I checked the CTS, there is already a green one fitted. the next plan is to remove the throttle body and clean it, Is it a definate need for VAGCOM after you do this?, as at the moment I do not have it.

I also found the hose that comes from the camcover to the air combi valve has a flat on it and is extremely easy to compress, is this normal?.

Thanks for your help

Phil

No need for a TB reset with VAG-Com unless you unplug the throttle body.

I'm not sure which hose you mean, is it the odd Y shaped one under the plastic engine cover? As this has a flat bit in it anyway I think?

(is it the top blue one here?)

http://www.awesome-gti.co.uk/shopimages/products/extras/awesomebreathers.jpg

Check it for splits as this one is prone to splits. Awesome sell an upgraded replacement pair of the hoses marked in blue.

  • Author

Yes thats the one. Do I take it that is the PCV Valve going into the T piece on the lower blue hose?

Thanks for thy link - are these the aftermarket good choice for these cars?, we used to have a similar type of supplier for the Nissan stuff.

Yes thats the one. Do I take it that is the PCV Valve going into the T piece on the lower blue hose?

Thanks for thy link - are these the aftermarket good choice for these cars?, we used to have a similar type of supplier for the Nissan stuff.

Yep that's the PCV valve. Awesome are one of the site sponsors so a lot of people use them on here, they're pretty competitively priced and I think if you say you're on Briskoda you get a small discount?

http://www.awesome-gti.co.uk/

Welcome to the site and the fun of 1.8T ownership.. :D

as previous posters have highlighted, make a start with the cheap stuff first, so get the TB cleaned. Easy enough to do but leave the eletronics plugged in and you dont have to worry about TB Reset. A breezeblock on the throttle can help to open the butterfly for propper cleaning, but use a toothbrush as if it closes on your fingers you will know about it (says the voice of experience)
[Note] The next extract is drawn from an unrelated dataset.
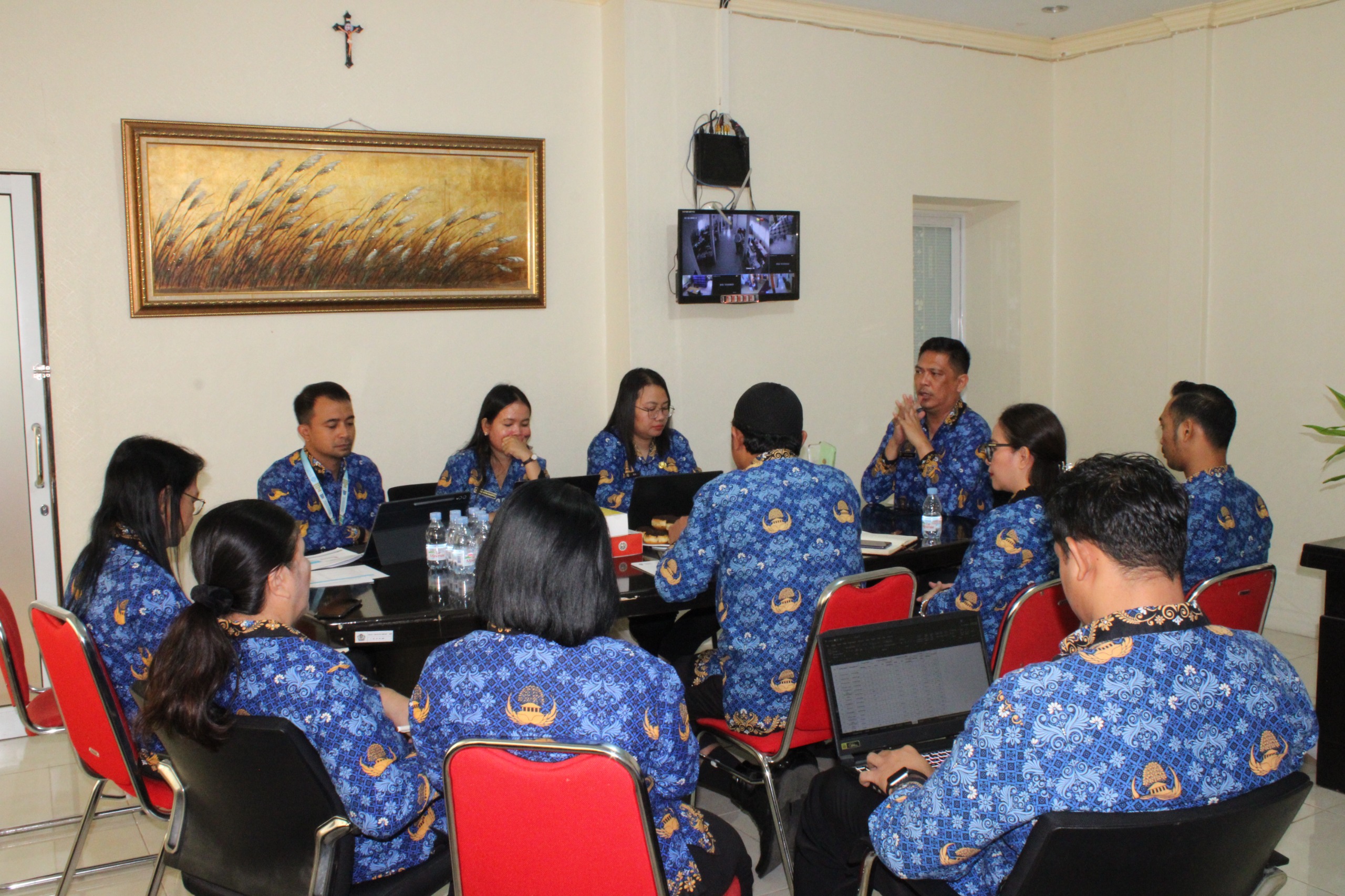 Rapat tersebut dipimpin langsung oleh Kepala Kantor Pertanahan Kota Bitung, Steven O. K. Wowor, S.ST., M.A.P., dan dihadiri oleh para Kepala Seksi serta jajaran pegawai terkait. Dalam rapat mingguan kali ini pembahasan terfokus pada kinerja pegawai dan target yang akan dicapai untuk minggu berjalan di tiap seksi.

Then look for leaky pipes, they will be Boost or VAC leaks and both will cause running issues and poor fuel consumption. Theres loads of info regarding this on the site (lots of it in my profile as I seem to have had most of the issues :D)

If you dont know when the plugs were last changed, change them. Same goes for the air filter.

As for the Y pipe some members have fitted catch tanks with just standard hose and T piece so you dont have to go for OEM or aftermarket Y piece (again loads of info on site)

Stick with it though as when all the gremlins are out the 1.8T is a great engine

  • Author

Cheers for all the replies, I am going to resume hostilities on the car when it gets back from its belt and pump change tomorrow - unless the weather thies to turn me into an ice pop outside then it might take longer :giggle:

Just driving to get my daughter tonight seemed to be a better drive after cleaning the plug insulators off during the compression test - time will tell.